それに対して、日本銀行が公表している1990年7月の普通預金金利をみると、当時の金利はなんと1.63%もあったことが分かります!100万円預けていれば1年間で1万6,300円(税引き前)も増えたのです。
昔は銀行貯金があれば、何もしなくても資産が増えた時代でした。しかし、今の金利は30年前と比べると1630分の1。100年待っても、ほとんど資産は増えません。
▼銀行金利の記事はこちらもチェック!
給与口座に預けっぱなしは損!知っておきたい銀行金利
https://maneomaneko.tsite.jp/article/672/index.html
え~!30年前と比べて1630分の1!これじゃ銀行に貯金を預けていても全然増えないじゃん!
そうだニャ、タンス預金と変わらないニャ…。
改めて、30年前と現在の状況を比較してみましょう。
このように、今の若者は親世代に比べて給与や退職金などの収入がダウン傾向であることに加えて、社会保険料や税金、物価は上がっています。手取り収入が減っているなかで、さらに長い老後に備えてしっかり貯蓄もしていかなくてはいけないのです。
これでは仮に年収が親と同じだったとしても、「自由に使えるお金がない!」と感じる可能性は高いでしょう。
お金に不安な将来、どう備えればいい?
これから給料が飛躍的に上がることを期待したいものですが、新型コロナウイルスによる景気悪化も心配されているなか、楽観視することはできません。それでは、私たちが今すぐできることとはなんでしょうか。
不安を解消するために誰にでもできる方法としては「貯蓄」があげられます。
次のグラフは、総務省の家計調査の結果から、直近20年間の貯蓄の金額や貯蓄率(収入に対する貯蓄の割合)をまとめたものです。
資料:総務省「家計調査(2010年~2019年)」をもとに作成
将来を不安視している人が多いのでしょうか。ここ最近は貯蓄率が増えている傾向にあります。
例えば、2019年のひと月の貯蓄平均額は約15万円です。手取り収入(平均額)約48万円のうち3割にあたる金額を貯蓄に回している計算になります。
毎月15万円貯めることができれば1年間では180万円です。10年間続けることができれば、1,800万円もの大金になりますね。
今の時代を生き抜くためにも、コツコツ貯める力をつけていくことは大切です。
ただ、そうはいっても、子育て中の家庭では教育費やマイホーム、老後のための備えなど…これから必要なお金を考えると貯金だけで足りるのか不安ですよね。
そこで、貯めたお金は銀行預金に預けるだけではなく、お金を増やすことを目指して資産運用を行うのも良いでしょう。
例えば、毎月2万円積み立て投資を行って年率3%で20年間運用できた場合、どのくらいのお金になるか想像できますか?

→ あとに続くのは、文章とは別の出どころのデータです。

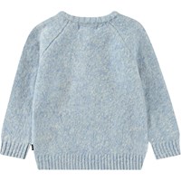 Light blue jumper for the little ones with a smiling face on the tummy. The jumper has a round neckline, rib edges, and buttons at the neck, making it easy to put on and take off.
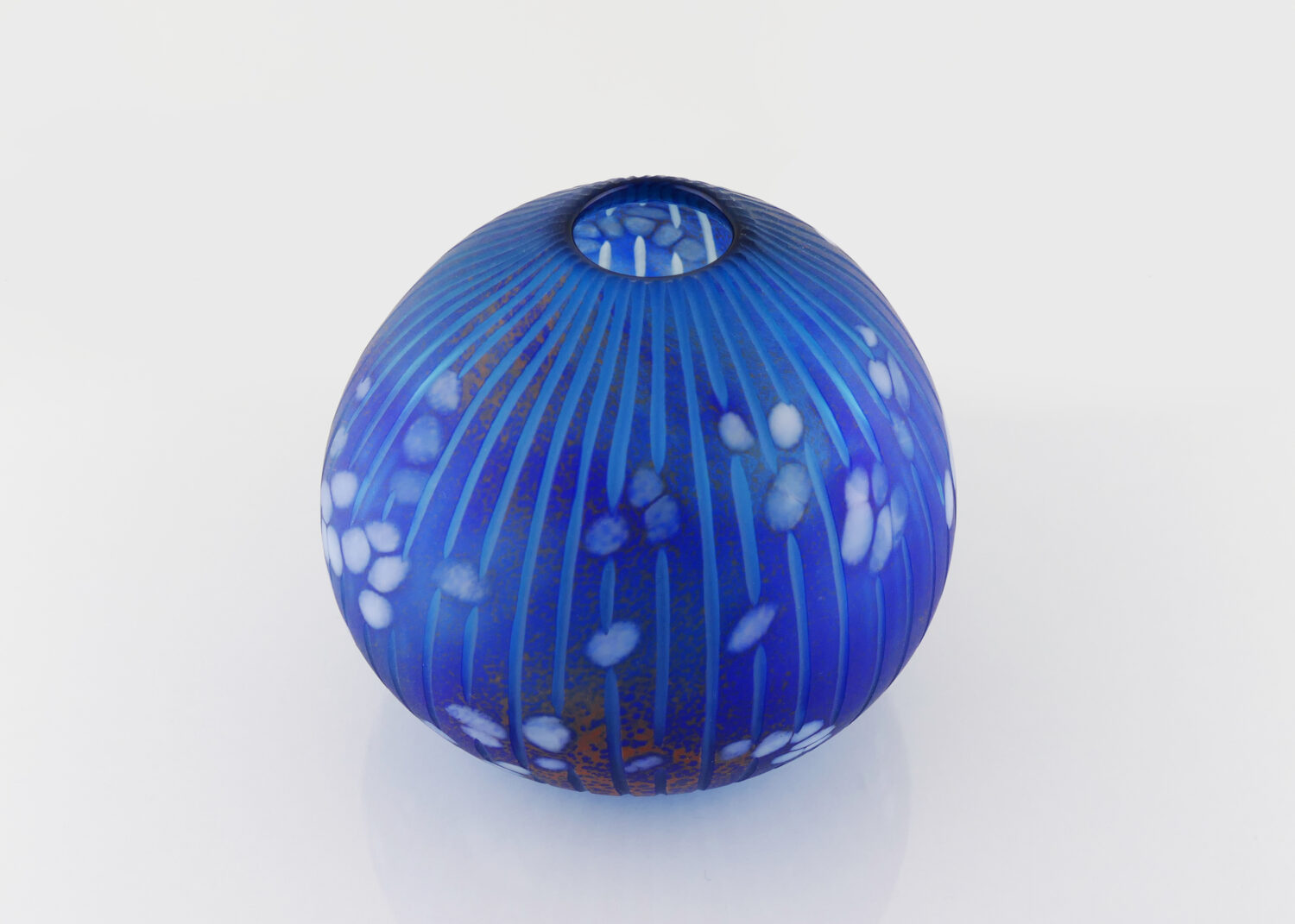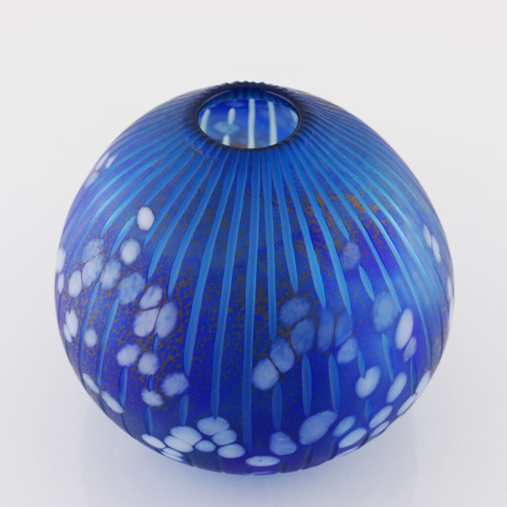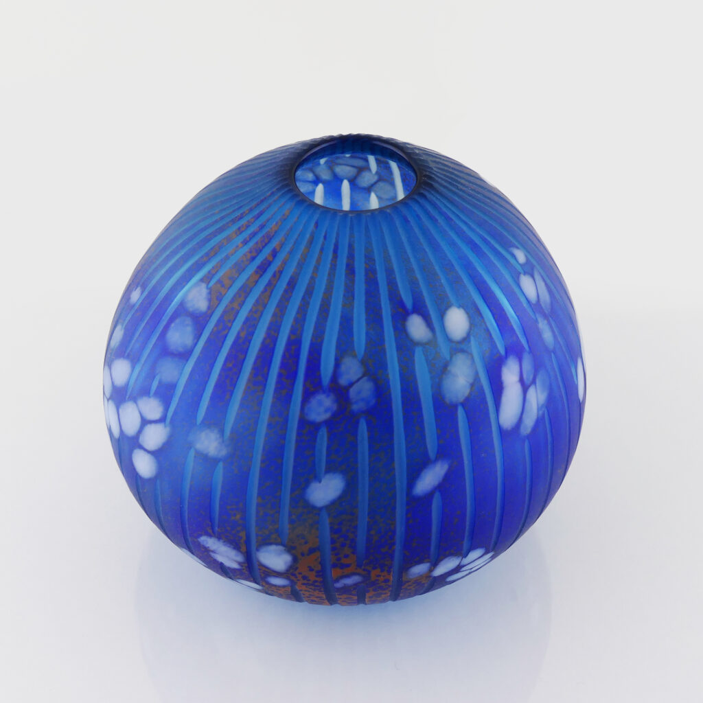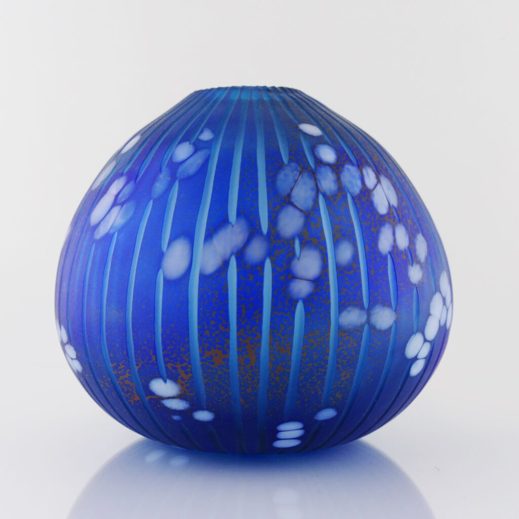 Galaxie, Vase en verre soufflé bouche, formé à main levée, Bleue, Ocre et Blanc, Effet Satiné

SBI証券の「積立シミュレーション(https://go.sbisec.co.jp/prd/common/tsumitate_simulation.html?status=total&term=20&monthly=3&rate=2)」で試算すると以下のようになります。
※当該数値はあくまでもシミュレーションであり、将来の成果を約束するものではありません。
※想定利回りは1ヵ月に1回再投資した複利計算の場合です。
※手数料、税金等は考慮していません。
つまり、投資に回した金額は480万円ですが、運用利益が約175万円になるため、総額だと約655万円になるのです!
でも投資って元々持っていたお金より減るリスクもあるんでしょう?なんか損しそうで怖いわ…。
もちろん投資は確実に右肩上がりに儲かるというわけではないニャ。ただ、さまざまな商品に分散して投資をしたり、長い期間をかけて運用したりすることでリスクを下げることもできるニャ。老後に必要なお金を増やすためには、有効な手段だニャン!
仕事を頑張ったり貯金したりするのはもちろんだけど、投資のこともこれから勉強していかなきゃね。
30年前より生活は信じられないくらい便利になったと思ったけど、今の若い人たちは大変なこともたくさんあるんだなぁ。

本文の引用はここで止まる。